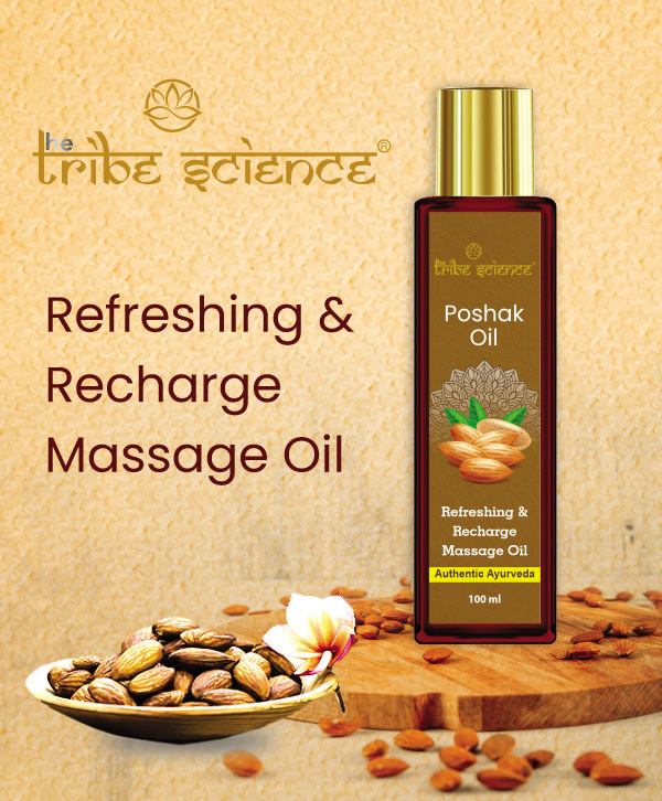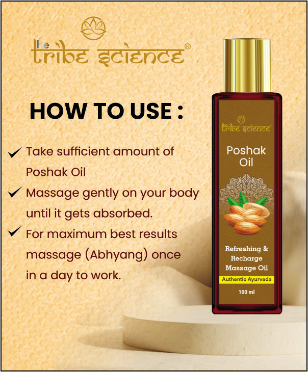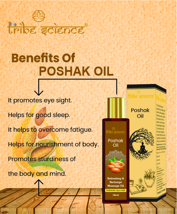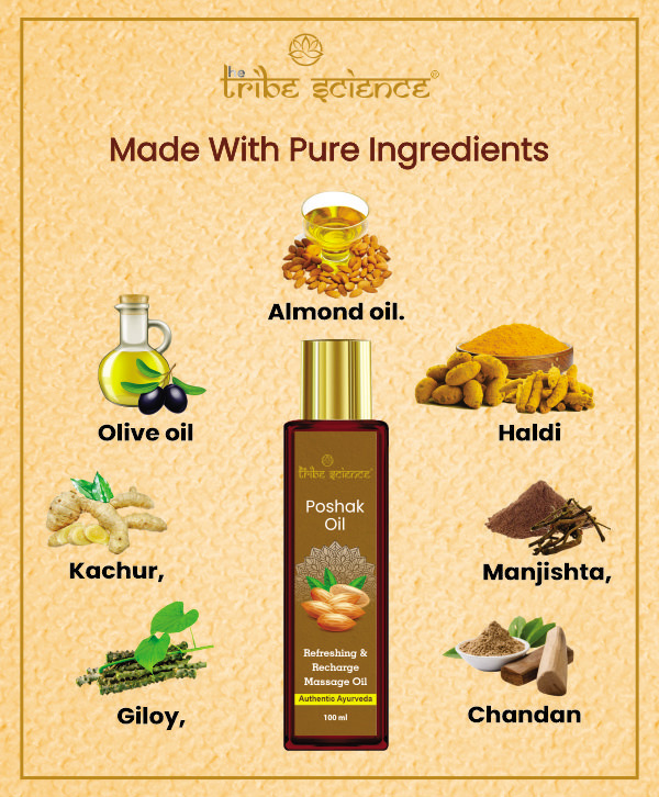 TheTribe Science “POSHAK OIL is a traditional Authentic Ayurvedic formulation made with finest and rarest ingredients including swalpchandanadi tailam (bharangi, adusa, kantakari, bala, giloy, svet chandan, agar, talishpatra, nakhi, manjishta, padmakh, motha, kachur, laksha, haldi, daruhaldi, lalchandan, sesame oil base), olive oil,almond oil.
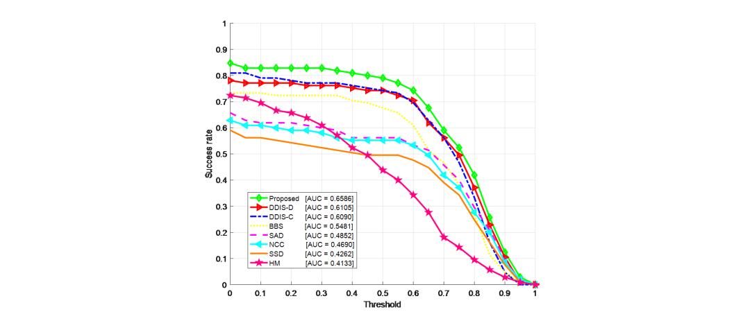 通过与目前一些匹配效果较好的模板匹配算法进行了性能对比,进行比较的算法有:DDIS、BBS、SSD、NCC、SAD以及HM(颜色直方图匹配算法)。根据实验结果绘制了成功率曲线图 (如图2)。
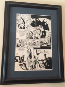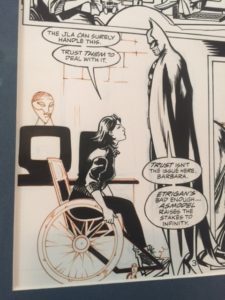 Speaking of my wife and original art, when we first started dating I showed her this Batman/Oracle page I owned that was drawn by our local artist friend Dean Zachary. She really dug it and said that if we were ever married she got it. Well, we did, and she got possession of that page along with some of my collectibles on upcoming birthdays, anniversaries, and Christmas. She later said I was trying to expand out of my Batcave studio and take over her room down the hall. Completely untrue- I knew how much she loved the women of DC Comics, and well- my Batcave is only 10’x10′, so…well, they had to go somewhere.
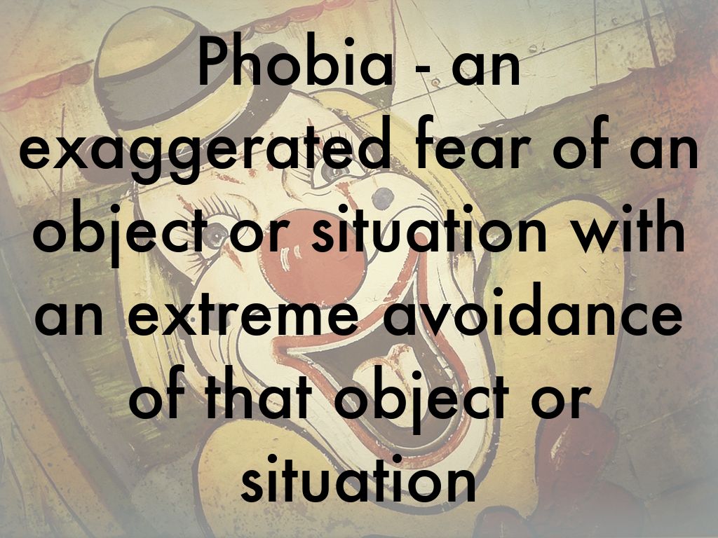 Phobia - an exaggerated fear of an object or situation with an extreme avoidance of that object or situation
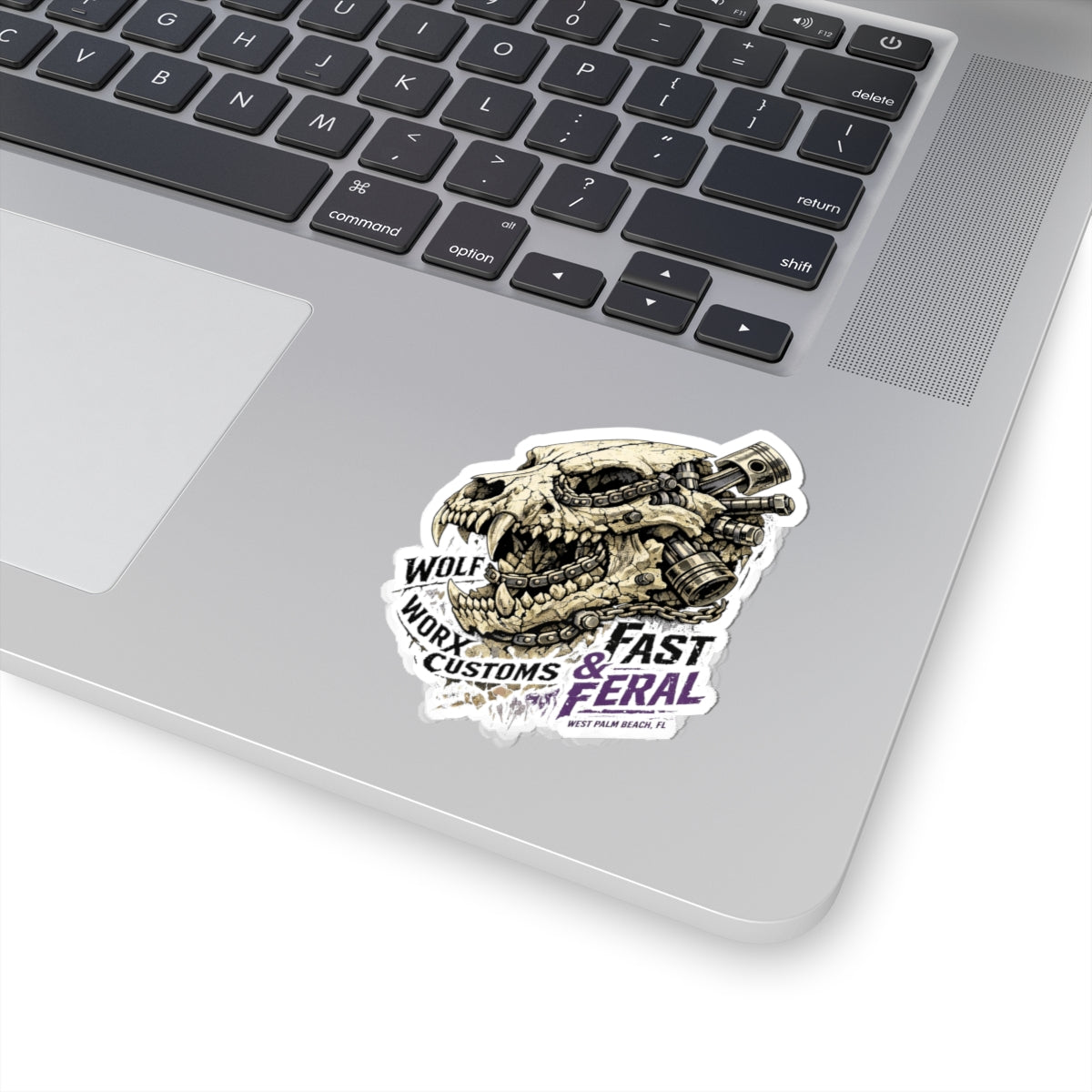 At its core, this sticker line fuses the entire Wolf Worx universe into one cohesive visual ecosystem. Wolf Worx Customs brings the backbone: heritage hot-rod culture, custom car authority, performance obsession, audio discipline, mechanical credibility, and a shop-born standard of execution that refuses to feel cheap, novelty, or mass-produced. Fast & Feral brings the bite: a women-led, femme-forward design voice rooted in confidence, dominance, flirtation, gothic-femme edge, playful menace, and unapologetic presence. Together, these stickers become more than decoration—they become territorial markers.

ASSIGNED TASK: Would you reproduce, exactly and with nothing added, every line from the beginning of the entries above through the line that contains "通过与目前一些匹配效果较好的", both included, leaving out the pictures?

TASK SOLUTION:
 TheTribe Science “POSHAK OIL is a traditional Authentic Ayurvedic formulation made with finest and rarest ingredients including swalpchandanadi tailam (bharangi, adusa, kantakari, bala, giloy, svet chandan, agar, talishpatra, nakhi, manjishta, padmakh, motha, kachur, laksha, haldi, daruhaldi, lalchandan, sesame oil base), olive oil,almond oil.
 通过与目前一些匹配效果较好的模板匹配算法进行了性能对比,进行比较的算法有:DDIS、BBS、SSD、NCC、SAD以及HM(颜色直方图匹配算法)。根据实验结果绘制了成功率曲线图 (如图2)。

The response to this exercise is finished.